Legal Eagle Eye Newsletter for the Nursing Profession(3)12 Sep 95  PDF Version

Quick Summary: The impaired nurse left a trail of damaging evidence. Seven adulterated Demerol vials were found in the emergency room controlled substance supply, where she worked until June 30. After July 1, the pharmacy director found other vials on the med/surg unit to which this nurse was transferred, which had each been tampered with in the same distinctive manner.

   The director of nursing did a retrospective review of this nurse’s documentation of p.r.n. administration of narcotics, and found some suspicious discrepancies. Many entries failed to document an assessment before giving Demerol. Some patients had p.r.n. Demerol charted only from this nurse. Patients who were interviewed reported not getting drugs charted for them. The court found sufficient evidence to suspend this nurse’s license. ARKANSAS SUPREME COURT, 1995.
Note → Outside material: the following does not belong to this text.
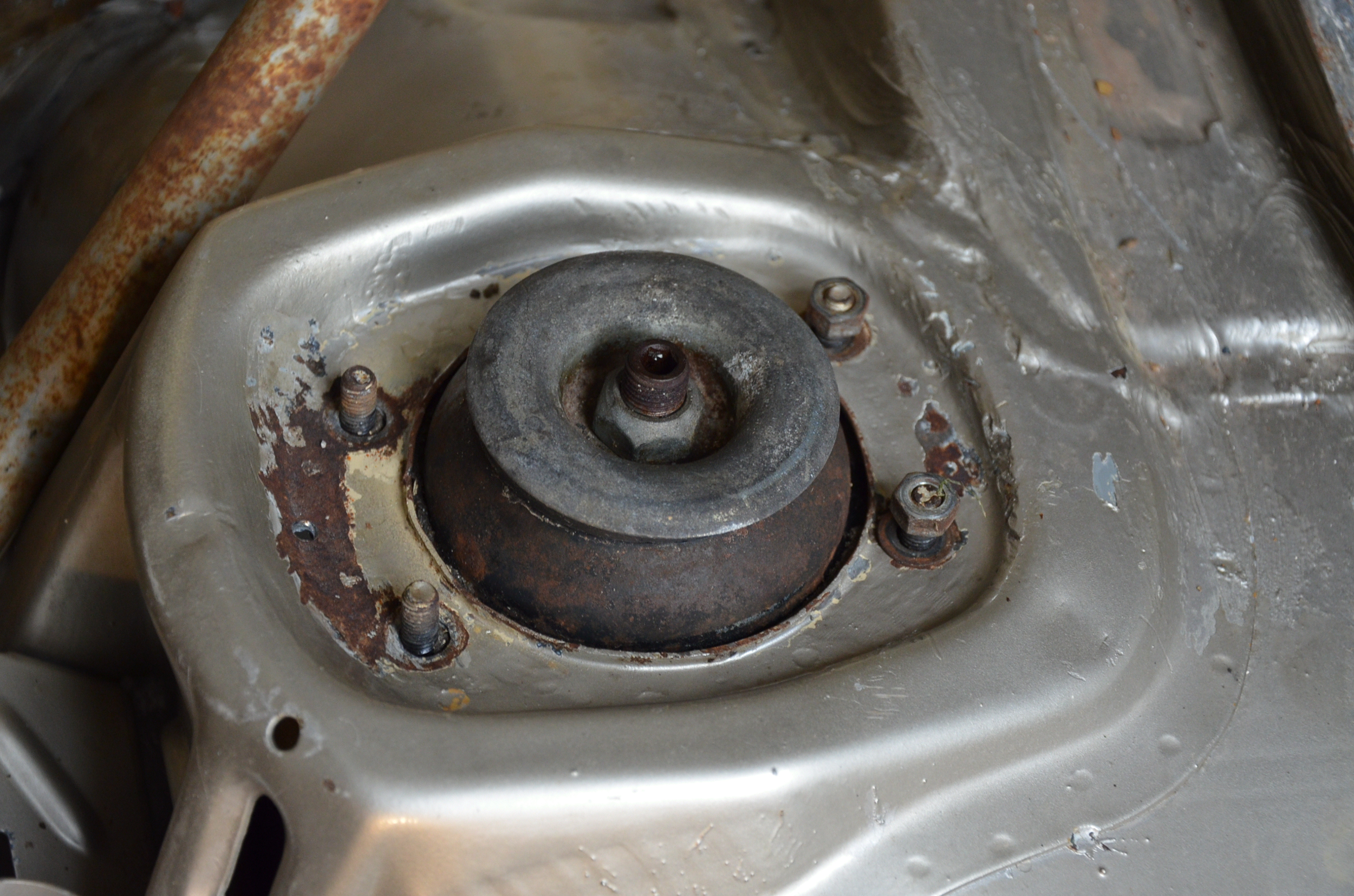Corrosion de la tête d'amortisseur gauche

   A registered nurse was charged by the Arkansas State Board of Nursing with specific violations of the Arkansas State Code. The allegations basically were that she was "habitually intemperate or ... addicted to the use of habit forming drugs" and "guilty of unprofessional conduct."

   The Board of Nursing heard extensive testimony and concluded that the nurse had diverted controlled substances to herself and then had falsified medical records to reflect that the drugs had been given to patients. This had taken place at two separate facilities where she worked. Her license was suspended for three years, and special conditions were set out for her reinstatement to the practice of nursing.

   The nurse disputed the propriety of the actions taken by the Board, and filed court suit to have the Board overruled. The case made it to the Supreme Court of Arkansas, which upheld the Board.

   The court ruled that the only question it had to consider was whether there was substantial evidence to support the Board’s finding that the nurse had diverted drugs from her employers at two separate facilities where she worked, and had made false documentation about those drugs at each facility.

   The court’s record revealed an interesting pattern of detective work done to uncover the distinctive trail of incriminating evidence this nurse had unwittingly left behind her. Bohannon vs. Arkansas Board of Nursing, 895 S.W. 2d 923 (Ark., 1995).